Her adventure with tea began as a test of self-discipline in January 2015.

As Silvious explains, “My goal was to see if I had the discipline to create

something every day for an entire year using tea as my subject.” For the

first week, she took photographs of her tea consumption, but after a few

days she began to experiment with the used tea bags themselves and soon

learned that the tea-stained material offered a beautiful canvas for her

illustrated journal. The year-long study in self-discipline led to her first series

of paintings and her book, 363 Days of Tea: A Visual Journal on Used Tea

Bags. Silvious was hooked and her work on recycled tea bags continued with

subsequent series: 52 Weeks of Tea, 26 Days of Tea in Japan, 9 Days of Tea in Spain, and more.

Even before her experiment with tea bags, Silvious had been using recycled products in her art. She is particularly fond

of pistachio shells and eggshells, which offer fragile surfaces for her imaginative and whimsical designs.

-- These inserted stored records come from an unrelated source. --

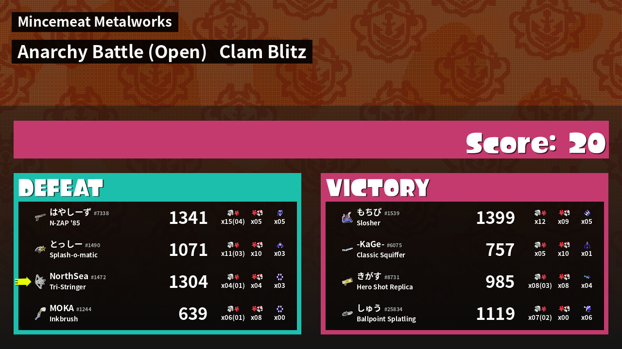 | Mode | Clam Blitz - Anarchy Battle (Open) | ||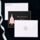 The artwork features a pink Christmas tree topped with a golden star, in an elegant presentation along with two customisable typography fields for name and address customisation.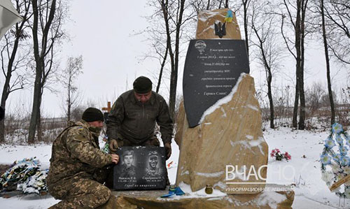 В субботу, 3 декабря, была установлена новая мемориальная плита в память о военнослужащих 25-й бригады ВСУ, погибших летом 2014 года у трассы сообщением Краматорск-Славянск.

In 2019, Silvious took a step in another direction, making shoes from colorful scraps of salvaged paper. Her gorgeous

footwear are enough to satisfy any shoe aficionado and even caught the attention of Vogue Italia, which featured

her Gogo Dots Pumps (see below) made from scraps of handmade and banana leaf papers. As if paper shoes weren’t

enough, Silvious has also created kimonos and stylish dresses from printed tea bags, and, to go underneath, origami

paper brassieres (her Oribrami series) constructed from recycled restaurant food wrappers and other rescued paper.

Fashion has informed much of Silvious’s work and will be featured alongside tea bags, egg shells, and other reclaimed

items in the exhibition Recycled and Refashioned: The Art of Ruby Silvious that runs January 25 through June 7, 2020.